3. Various Bone Conditions with Diverse Manifestations in the Neonatal Period:
Transient neonatal hyperparathyroidism and bone disorders, similar to the conditions mentioned above, are seen in cases of maternal hypoparathyroidism. In some incidents, the birth of an affected neonate may lead to the detection of previously undiagnosed maternal disease. During the neonatal period, osteopetrosis can present with hypocalcemia, elevated PTH levels, and X-ray evidence of dense, osteosclerotic bones. Another condition known as osteopenia of prematurity can also manifest with fractures in the ribs and long bones.

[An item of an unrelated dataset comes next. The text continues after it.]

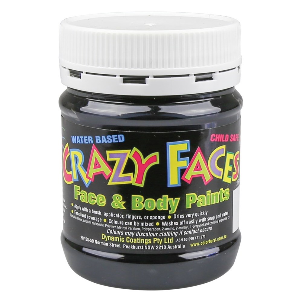 Crazy Faces is a water-based face and body paint. Thick and vibrant black colour. Dries easily with excellent coverage. Different colours can be mixed together. Washes off easily with warm water and soap. Non-toxic.

Babies born before 28 weeks of gestational age are particularly prone to this condition, as most of the transfer of calcium from the mother to the fetus occurs during the final trimester of pregnancy.
Conclusion:
Neonatal bone health is becoming increasingly important, not only because early management can significantly impact bone health throughout childhood, adolescence, and early adulthood. Early and accurate diagnosis is crucial for initiating life-saving treatments like enzyme replacement therapy, especially for conditions like hypophosphatasia. Research in neonatal bone disorders is rapidly advancing, with intervention studies and drug trials focusing on promoting bone health as early as the prenatal stage for conditions like osteogenesis imperfecta or during the neonatal period for achondroplasia.